To calculate the molar concentration of sodium hydroxide solution, we need to use the concept of stoichiometry and the balanced equation of the reaction between sodium hydroxide (NaOH) and hydrochloric acid (HCl):

NaOH + HCl -> NaCl + H2O

Given:
- Volume of sodium hydroxide solution (V1) = 36.00 mL
- Volume of hydrochloric acid solution (V2) = 25.00 mL
- Molar concentration of hydrochloric acid (C2) = 0.2000 M

First, we need to determine the number of moles of hydrochloric acid used in the reaction. This can be calculated using the formula:

moles of solute = molar concentration × volume (in liters)

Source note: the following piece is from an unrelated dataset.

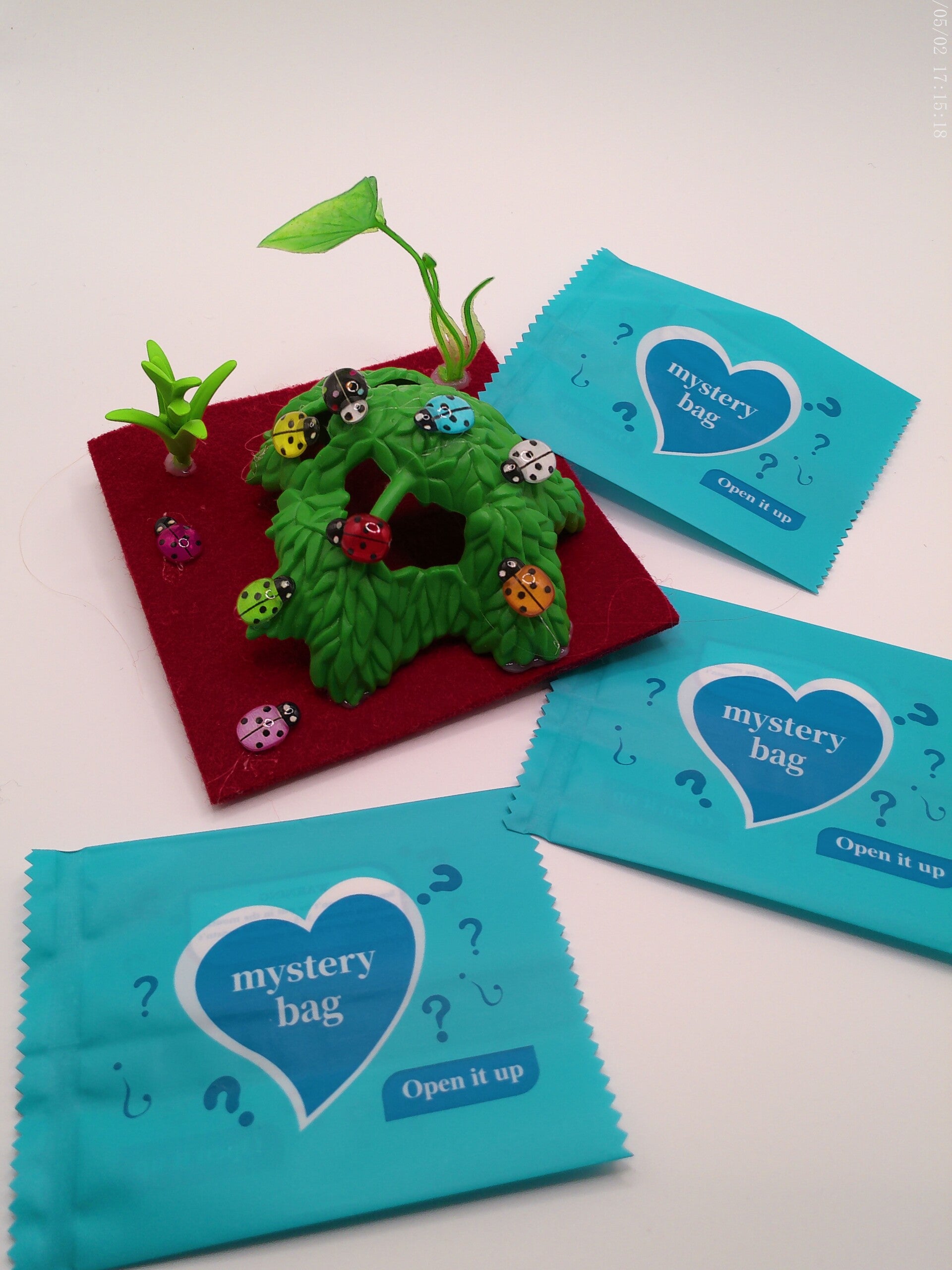 Die Mini-Marienkäfer werden in einer Überraschungs Tüte mit 4 St. Mini-Marienkäfer verschickt.

So, moles of HCl (n2) = C2 × V2

n2 = 0.2000 M × (25.00 mL / 1000 mL/ L)
= 0.00500 mol

According to the balanced equation, the mole ratio between hydrochloric acid and sodium hydroxide is 1:1. This means that the number of moles of sodium hydroxide used in the reaction is also 0.00500 mol.

Now, we can calculate the molar concentration of sodium hydroxide (C1). The formula for molar concentration is:

molar concentration = moles of solute / volume (in liters)

So, C1 = n1 / V1

C1 = 0.00500 mol / (36.00 mL / 1000 mL/L)
= 0.1389 M or 0.139 M (rounded to three significant figures)

Therefore, the correct molar concentration of the sodium hydroxide solution is 0.139 M, not 0.0288 M.